We took the cog railway back to our hotel at Gornergrat. As I
climbed back to our hotel from the train station in Gornergrat in my heavy
Lange ski boots, at 6 PM, I found self still panting for breath, even though
had had 3 days to acclimate to the 10,000 ft altitude. I found my self meditating on Psalm 121, one of my father's favorites:
"I will lift mine eyes unto the hills from whence commeth my help.
My help commeth from the Lord, who has made heaven and earth."
The magnificent scenery from the 10,000-ft high mountain peak of Gornergrat did bring me closer to heaven. It must be the divine within us that causes us to find such wonder and majesty in snow covered mountaintops. The ancient Greeks believed their gods lived on Mt Olympus. The science studied by astronomers on their mountaintops had its beginning in early Greek natural philosophy.
On Saturday, March 10th, we returned Givrins, a small farming hamlet
above Nyon on the Lake of Geneva, where James lives with his wife Helena.
James took me cross country skiing near La Givrine in the Jura Mountains
about 600 meters above Givrins. I was invigorated by skiing among fir trees
covered with beautiful snow. We overlooked LES PILES, a downhill ski area
in France. We skied close to a stone barn for milking cows grazing in the
alpine summer meadows. While taking the winding road down the Jura mountains,
I took pictures of the Lake of Geneva with
Swiss chalets in the foreground and the French Alps on the horizon.

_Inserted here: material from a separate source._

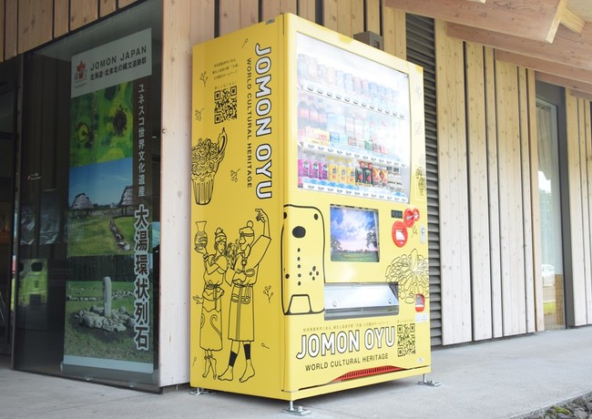 このたび設置された自動販売機は、鹿角市の「大湯環状列石」をポップでユニークなイラストでデザインしており、地元市民やシ観光客に対し広く機運醸成を図ることを狙いとしています。

James and Helena's daughter, Karin, took me for an informative walking
tour of Old Geneva. The Jet d' eau near the flag lined bridge of Mt. Blank
is an impressive symbol of this historic city. The successful revolution
in 1602, which
gained Geneva's independence from France, established Geneva as a haven for creative people like Jean Jacques Rousseau, whose island we saw, and Calvin, whose magnificent cathedral was near her apartment. Our visit
to the Russian Orthadox Church with its gold plated steeples, icons, candles, and stained glass windows was heavenly. 20 Rue Sturm nearby was a very impressive apartment building. Karin's apartment, built in 1750 and located close to the University of Geneva where she studies, has an ambiance, which enriches her studies of economic development in Kenya, Tanzania, and Rwanda.
On Sunday morning, March 11, James took me to see the last day of the
Auto Salon, which started on March 1st. This large auto show was attended
by about 700,000 people, and caused major traffic jams. The population
of Switzerland is about 7 million people. Needless to say, auto shows are
very popular in this part of Europe especially among young people.
On Monday, March 12, I visited Prof Helmut Reich at Regina Mundi, which is part of the University of Freiburg, Switzerland. I had met Helmut at Institute of Religion in an Age of Science Conferences off Star Island, Portsmouth, NH. He was kind enough to give me copies of sections of his new book on Relational and Contextual Reasoning.